Our first scenario took place inside one of the houses built at the training center. Its walls can move around, which means each run-through can look entirely different to the trainees.
Before we entered, Det. Brain Nevue and Lt. Jimmy Keyes demonstrated how to use the simulation weapon. It's nearly identical to the pistol most officers carry. This one shoots paint projectiles.
After a series of questions to get my mind off of what may come next, we went in.
"Go! Go! Go! We've got to address this threat," Lt. Keyes shouted.
Once inside, I made my way in through several rooms, unsure of what may lie around the corner.
"Let's go! Got to keep moving. Alright, very good, good recognition, keep moving, keep moving," Lt. Keyes said as I tried to make sense of what was going on.
Then, I came across what I'm supposed to perceive as a threat, a picture of a man holding a gun and pointing it at me in one of the rooms. I wasn't exactly sure what to do at that moment. My natural instinct wasn't to shoot.
I hesitated for several seconds. I thought, "Sure, I have a 'gun' on me, and this guy's pointing a gun at me. Does this mean I should shoot first?"
Let's be real. If this was a real-life situation, I'm sure I could have been shot in those few seconds of hesitation. Good thing it's just a training.
Then, I asked Lt. Keyes, "Why would I want to shoot at them? Because they're pointing a gun at me?" He said, "If they're pointing a gun at you, they're threatening your safety and the safety of the public."
Eventually, I pulled the trigger, a decision that wasn't easy for me to make. The scenario ended about a minute or so later.
Prior to this scenario, I had never held a gun until a different story I covered in 2018.
"When you come around the corner, when you come into an unknown, you have to make quick, critical decision-making in an instance when you don't know what you're going to be presented with for public safety, for your safety," Lt. Keyes said.
Lots of training, he said, helps police officers make the best decisions in difficult situations.

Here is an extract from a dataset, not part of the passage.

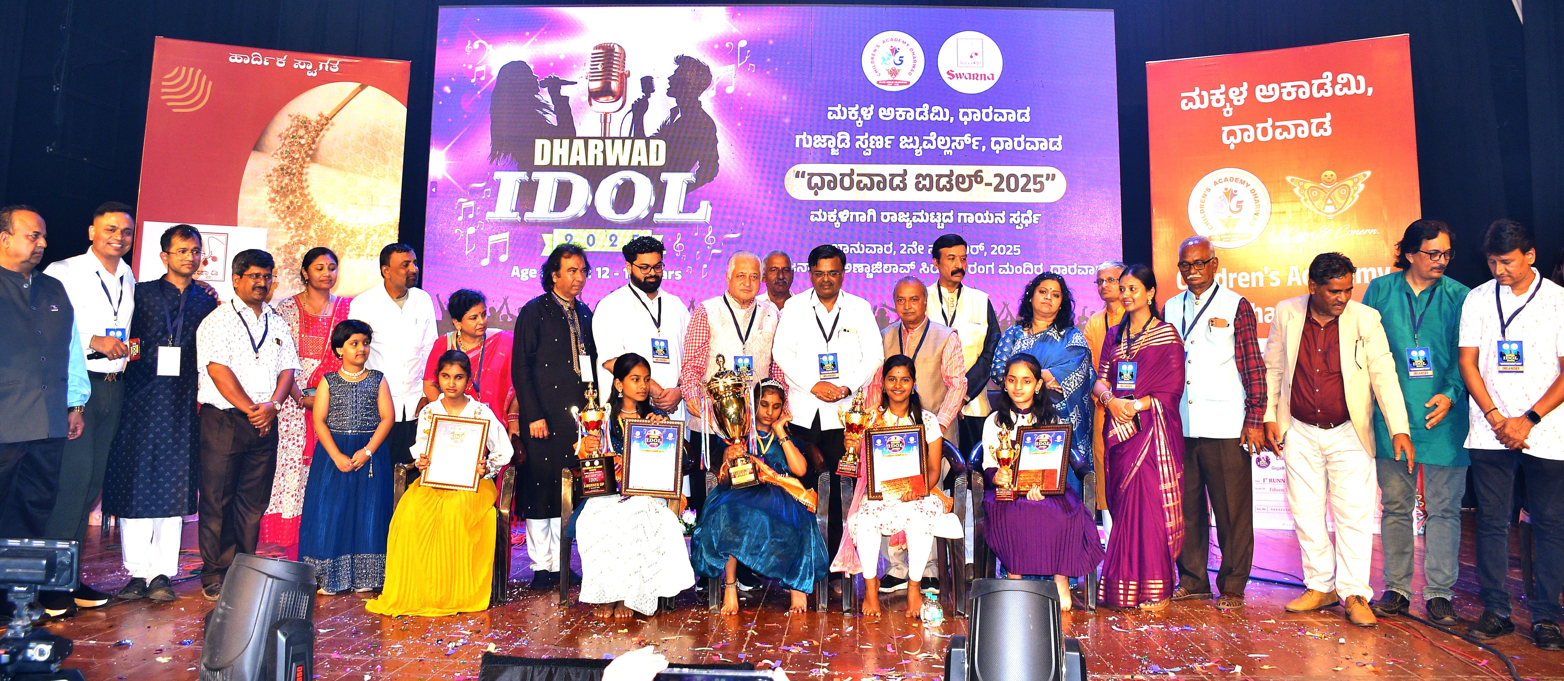 ಮಕ್ಕಳ ಅಕಾಡೆಮಿ ಆಯೋಜಿಸಿದ್ದ ಸಮಾರಂಭದಲ್ಲಿ ಹುಬ್ಬಳ್ಳಿಯ ರೇಣುಶ್ರೀ ಮಂಜುನಾಥ ಕೊಡ್ಲಿಗೆ ಧಾರವಾಡ ಐಡಲ್ ಗುಜ್ಜಾಡಿ ಸ್ವರ್ಣ ಟ್ರೋಫಿ ಹಾಗೂ ₹ 20 ಸಾವಿರ ನಗದು ಪುರಸ್ಕಾರ ಲಭಿಸಿದೆ.ಇಲ್ಲಿಯ ಸೃಜನಾ ರಂಗಮಂದಿರದಲ್ಲಿ ಮಕ್ಕಳ ಅಕಾಡೆಮಿಯು ರಜತ ಮಹೋತ್ಸವದ ನಿಮಿತ್ತ ಗುಜ್ಜಾಡಿ ಸ್ವರ್ಣ ಜುವೆಲರ್ಸ್ ಹಾಗೂ ಕುಮಾರೇಶ್ವರ ಕಲ್ಚರಲ್ ಸೊಸೈಟಿ ಸಹಯೋಗದಲ್ಲಿ ಏರ್ಪಡಿಸಿದ್ದ ಧಾರವಾಡ ಐಡಲ್–2025 ಗ್ರ್ಯಾಂಡ್ ಪಿನಾಲೆಯಲ್ಲಿ ಪ್ರಶಸ್ತಿ ಪ್ರದಾನ ಮಾಡಲಾಯಿತು.

"You didn't panic, so that's great. Because that's what we're looking for, and your mind was working. You started asking those good questions. 'What do I do? How do I address this?'" Lt. Keyes said.
Routine Traffic Stop
Next we moved into the gym, where two patrol cars were waiting for us. One belonged to the "patrol officer" (a.k.a. me) and the other to the "driver."

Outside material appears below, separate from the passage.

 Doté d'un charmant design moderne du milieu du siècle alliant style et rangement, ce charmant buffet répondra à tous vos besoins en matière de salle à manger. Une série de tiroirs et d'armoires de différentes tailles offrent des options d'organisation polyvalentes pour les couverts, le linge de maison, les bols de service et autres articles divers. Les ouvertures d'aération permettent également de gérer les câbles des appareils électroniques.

Lt. Tom Sloan quickly reminded me there's no such thing as a routine traffic stop. Sometimes, the drivers they pull over are apologetic, but others can quickly escalate the situation.
"We never know, for the most part, who we stop and what their intentions are. It could be to thank your hand, to thank you for your service. It could be to kill you," he said.
I sat in the driver's seat of the patrol car. I just pulled someone over for speeding. And like in real life, I don't know who or what I'm going to find.
"This is Officer Perez with the Round Rock Police Department. I stopped you because you're speeding. Can I see your driver's license and insurance?" I told the driver, who was being played by Ofc. Aaron Moeller.
In this scenario, he played a father, rushing to get his kid.
"My apologies, man," he said.
But in another part of the scenario, his character fought back.
"I ran the stop sign. That's what you're saying? I didn't, man," the driver said.
"I saw you do it. Just hand over your driver's license and your insurance," I persisted.
"It's right here," the driver said, as he pointed at gun at me.
I knew the gun was near the center console from a previous part of this scenario, but I completely forgot it was there during this part because I was too pre-occupied with what I was going to say to the combative driver.
"He got the drop on you, and we don't want to ever have the drop on us, right?" Lt. Sloan said. "Once he reaches for it, you want to give clear instructions – just a lot of decisions that you've got to make."
Round Rock police officers undergo 23 weeks of training at the academy and receive more training after graduation to help them make these decisions.
"What we want is somebody who is going to make the right decisions, have a passion for this job. We don't want somebody here that just wants to collect a paycheck. You have to have a passion for this job and a love for this community," Chief Banks said.
An officer's main goal during each of the scenarios I walked through, he said, is to de-escalate the situation.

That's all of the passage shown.